What is required = What you give back should be exactly the lines from the one with "2.00 Carat Lab" through the final line of the material, pictures removed; please add nothing.

Source material =
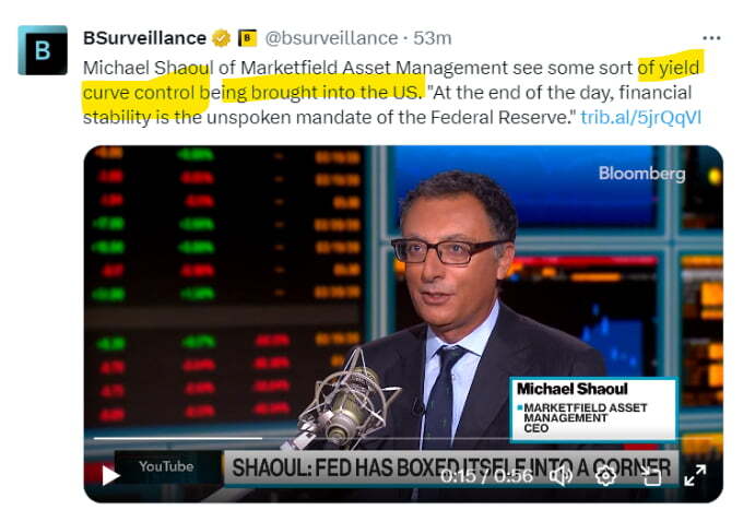 더는 시장에서 국채 소화가 어려우니 Fed가 돈을 찍어 국채를 매수함으로써 금리를 낮추라는 것이죠. YCC는 양적 완화(QE)의 일종입니다. 지금 양적 긴축(QT)에서 돌아서라는 얘기입니다.
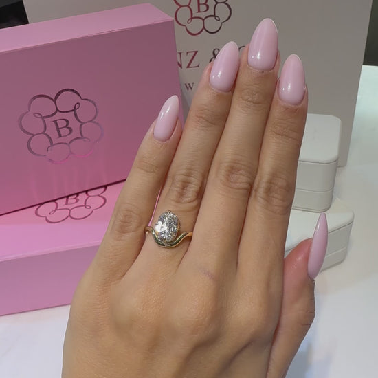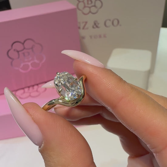 2.00 Carat Lab Grown Elongated Old Mine Cut Diamond Sinuous Solitaire Engagement Ring
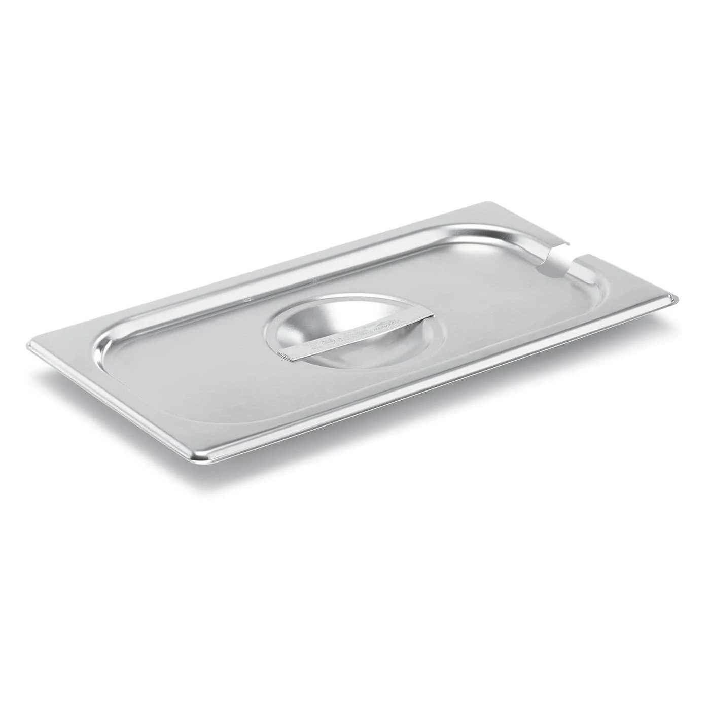 This Vollrath® 1/3 size slotted cover is made of durable stainless steel and features reinforced edges, which stays flat and fits securely to prevent product loss. This cover is meant for use with the 1/3 size Super Pan V®. It is made in the USA.
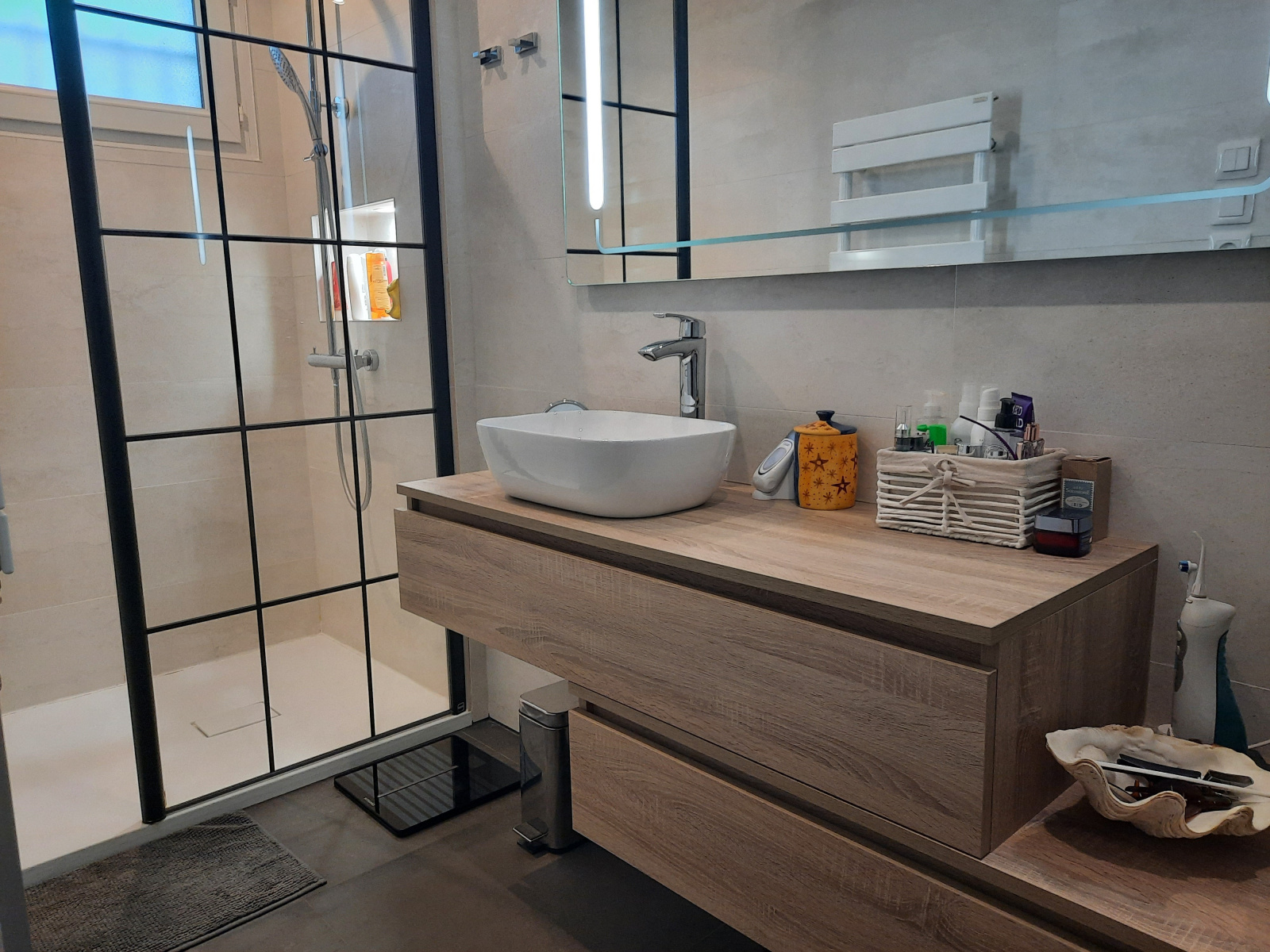 En demi sous-sol grand garage de 60m², lingerie, local.

Answer box =
 2.00 Carat Lab Grown Elongated Old Mine Cut Diamond Sinuous Solitaire Engagement Ring
 This Vollrath® 1/3 size slotted cover is made of durable stainless steel and features reinforced edges, which stays flat and fits securely to prevent product loss. This cover is meant for use with the 1/3 size Super Pan V®. It is made in the USA.
 En demi sous-sol grand garage de 60m², lingerie, local.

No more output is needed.